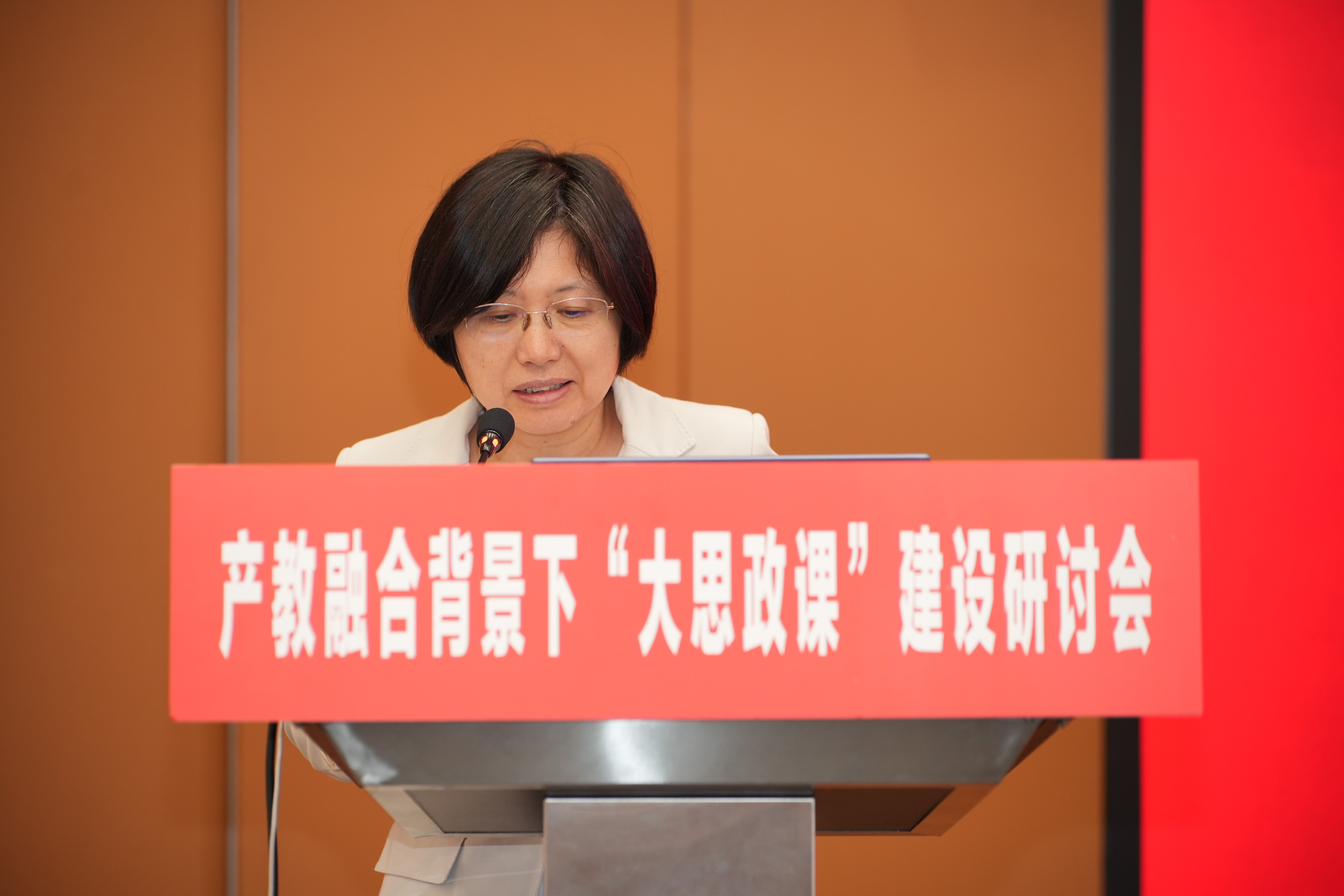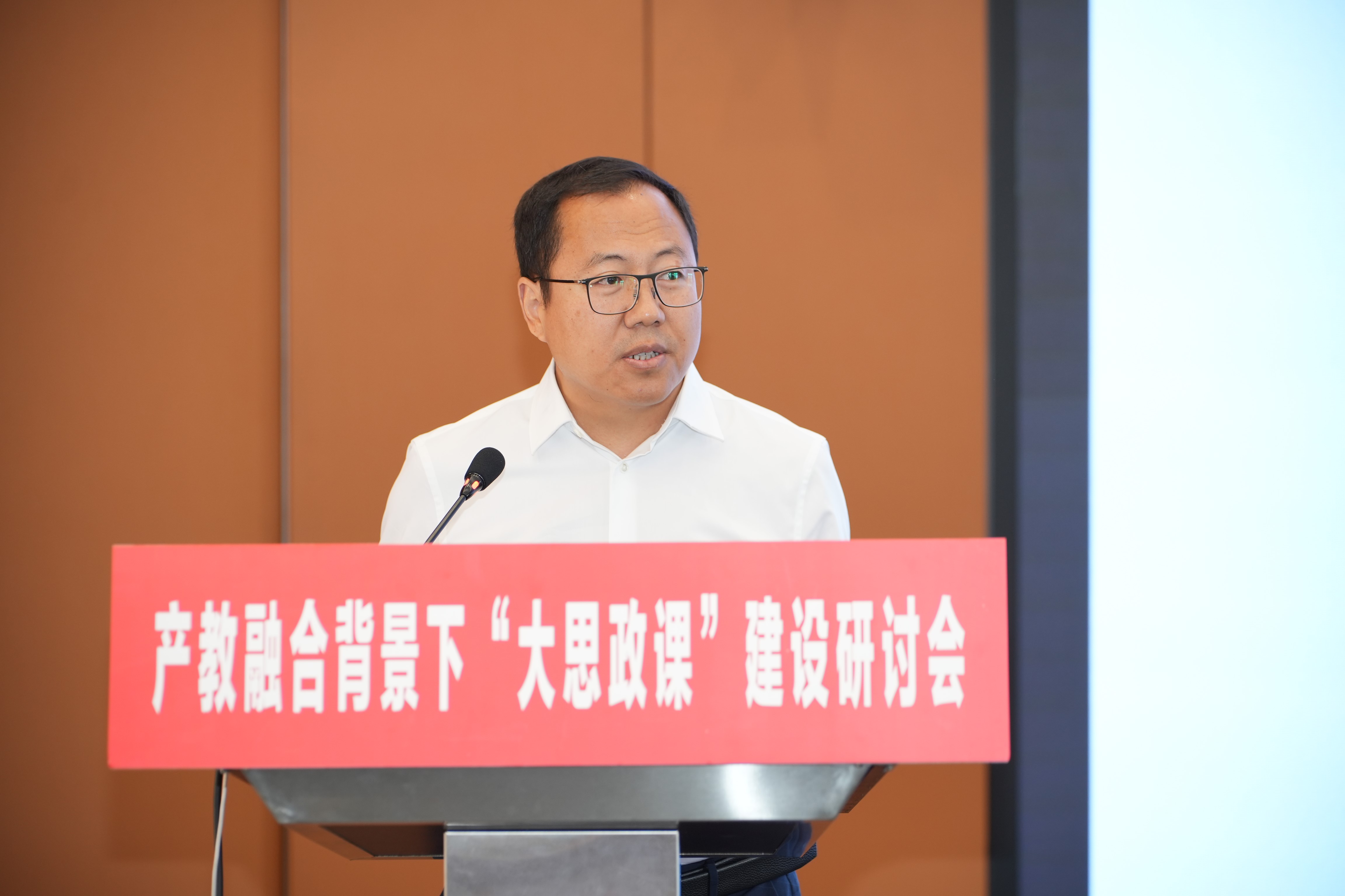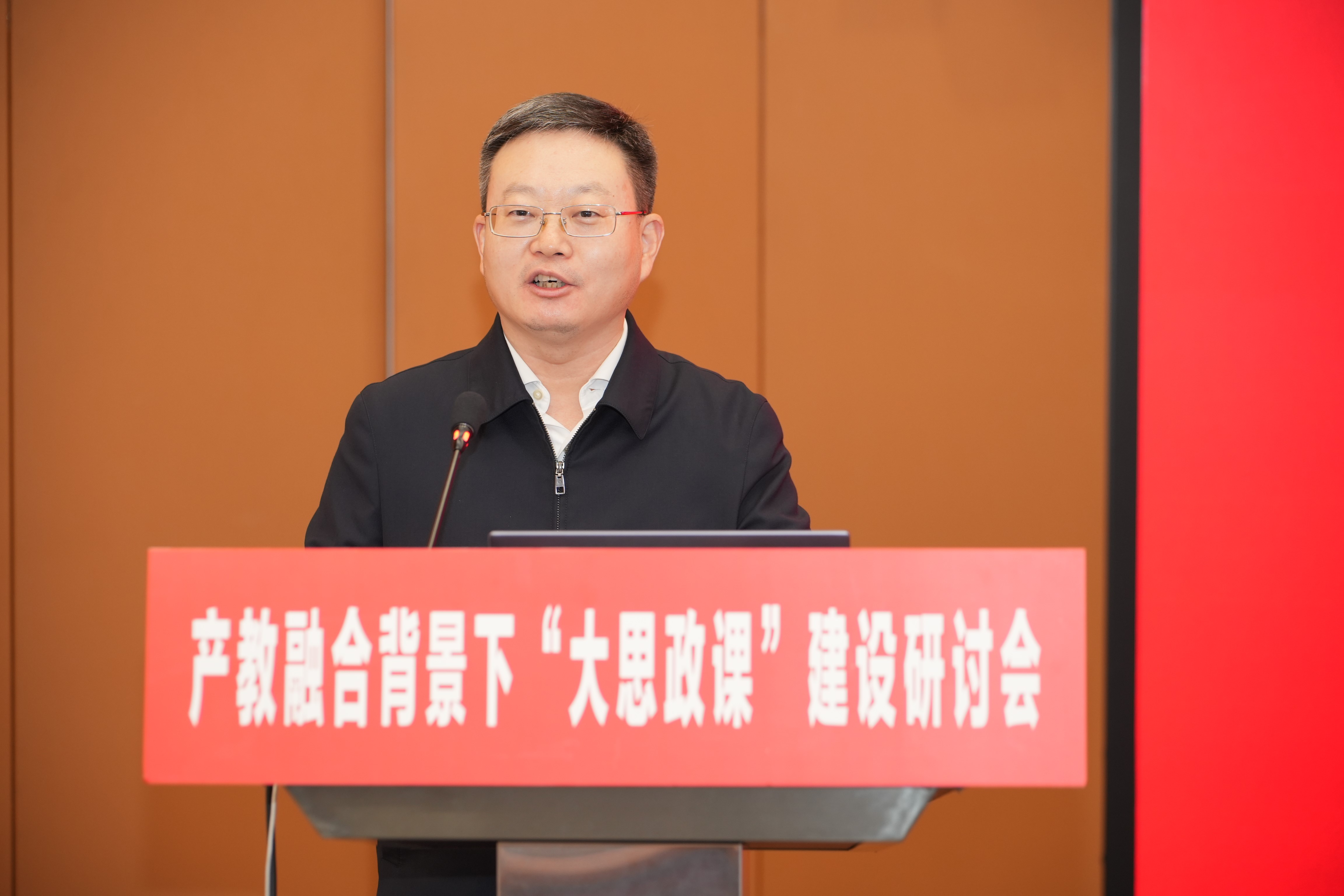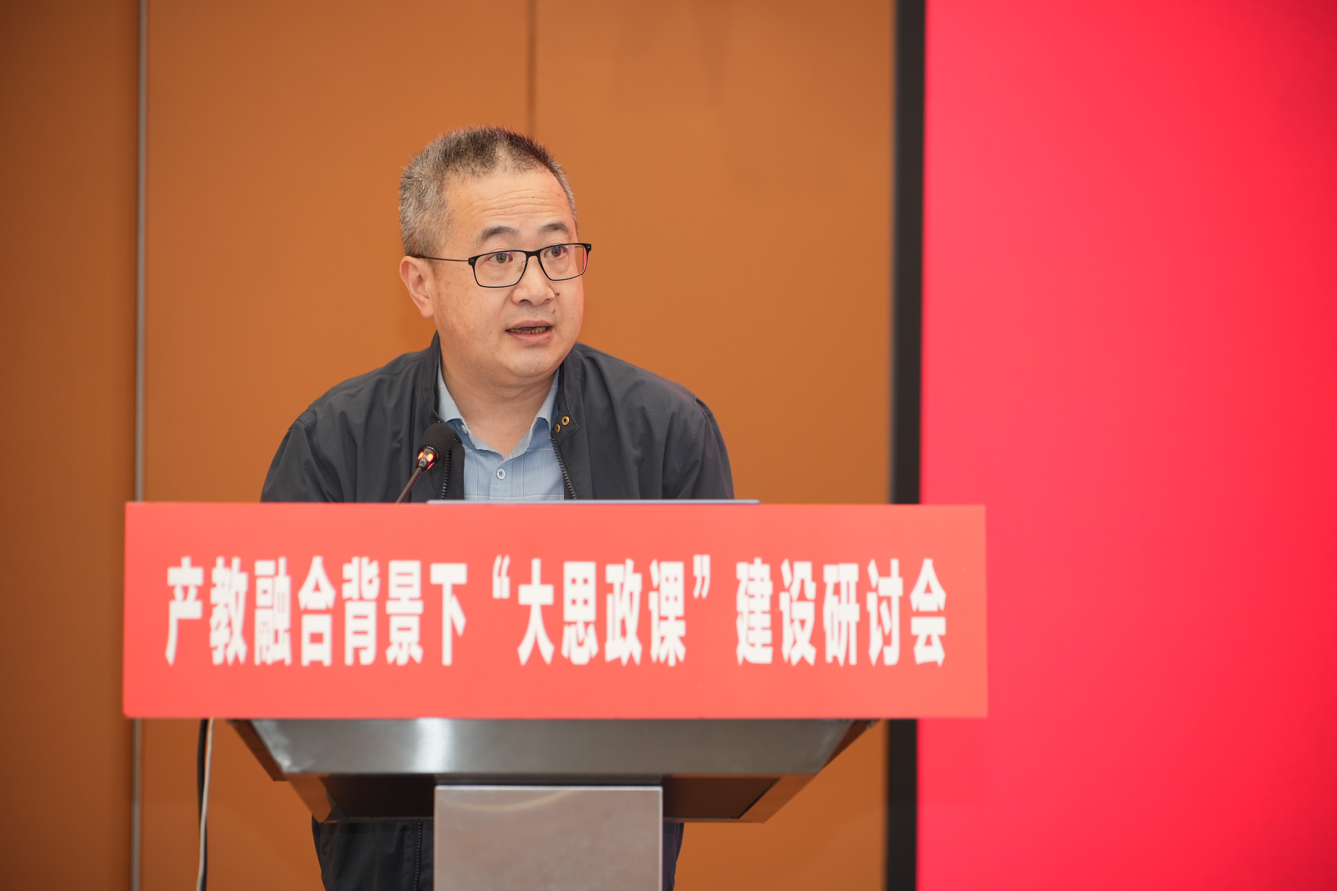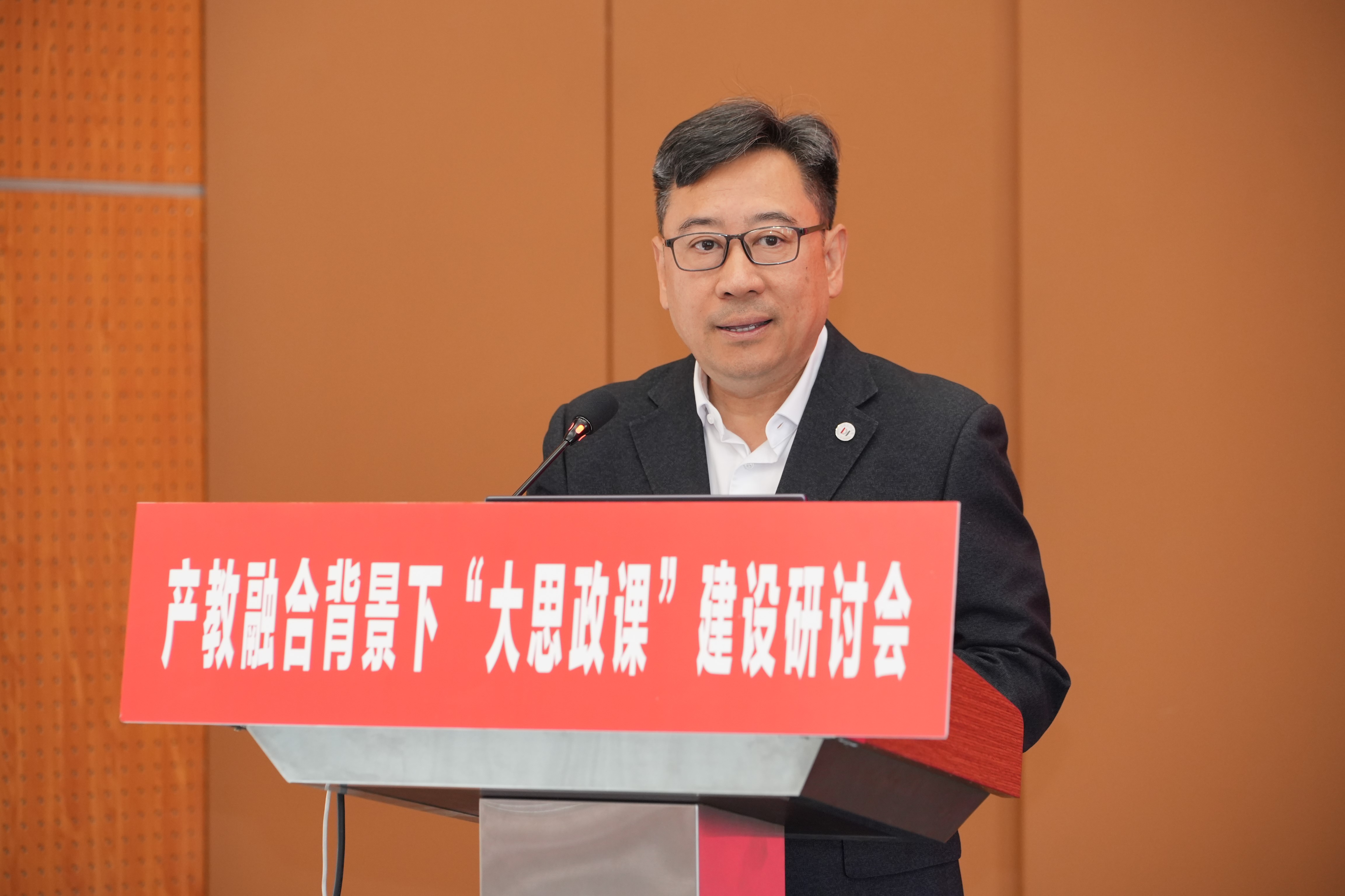 上海市教委副主任刘力在讲话中指出,此次研讨会有助于各高校分享产教融合背景下“大思政课”建设的实践经验,探讨教学改革创新中的重点难点问题,也将进一步推动高校“大思政课”教学的理论研究和校企合作。他强调,当前深入推进的“大思政课”建设是教育强国建设,培养担当民族复兴重任时代新人的必然要求和题中之意。希望学校以此次研讨会为契机,重点做好三方面的探索,第一,讲好新时代伟大变革、引领学生投身服务国之大者,第二,深化校企协同育人、拓展“大思政课”社会育人资源,第三,壮大校外育人队伍、建设“大思政课”兼职教师库。
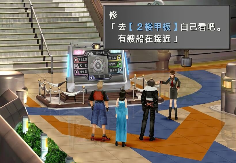 结束与学园长席德的对话,前往1楼大厅,遇到正在找学园长的修,修告知有艘船正在接近学园,或许有危险。
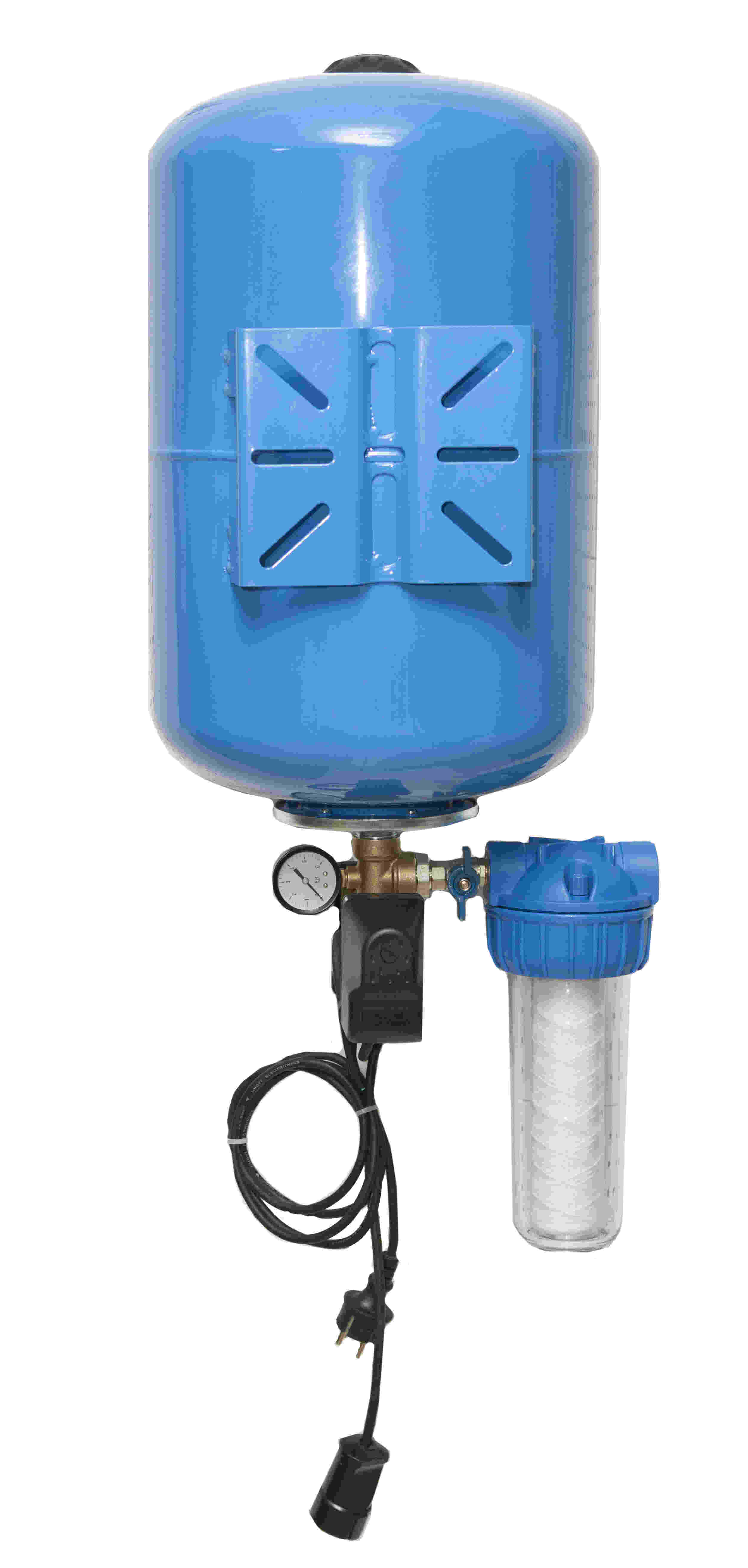 АвтоБак Eterna АВ2С-24 - готовое решения для создания автоматической системы водоснабжения. Исполнение для вертикального монтажа на базе латунного штуцера. Комплектуется: гидроаккумулятор 24 л, реле давления с манометром, реле сухого хода, колбой фильтра с картриджем, краном и обратным клапаном, электрическим кабелем.
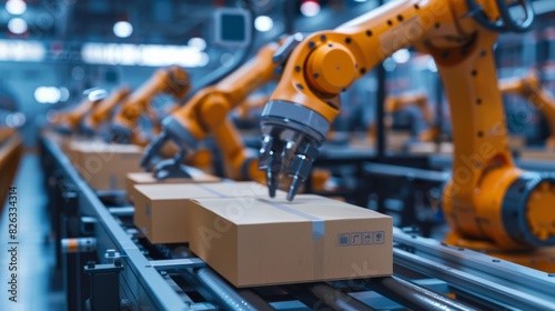 Industrie 4.0 Modern Factory: Fully Automated Warehouse Robotics: Robot arm packing metal components into cardboard boxes. Production line machines pick and pack product into packaging.
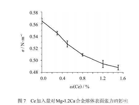 稀土元素Ce是表面活性元素,很容易富集到鎂合金熔體表面,這種表面富集現(xiàn)象極大地影響了鎂合金熔體氧化膜結(jié)構(gòu)及其阻燃性能.表面張力是一個重要的高溫熔體物理屬性,可以很好地反映Ce元素在阻燃鎂合金熔體表面的富集狀況,從而為研究阻燃鎂合金機理提供了另外一種直觀的理論依據(jù).

■ ■ ■ ■

◆ **Task statement**: Going by the data above, the answer is exactly the lines from the one holding "结束与学园长席德的对话,前往" to the one holding "АвтоБак Eterna АВ2С-24", both kept, with the pictures left out.

◆ **Task result**:
 结束与学园长席德的对话,前往1楼大厅,遇到正在找学园长的修,修告知有艘船正在接近学园,或许有危险。
 АвтоБак Eterna АВ2С-24 - готовое решения для создания автоматической системы водоснабжения. Исполнение для вертикального монтажа на базе латунного штуцера. Комплектуется: гидроаккумулятор 24 л, реле давления с манометром, реле сухого хода, колбой фильтра с картриджем, краном и обратным клапаном, электрическим кабелем.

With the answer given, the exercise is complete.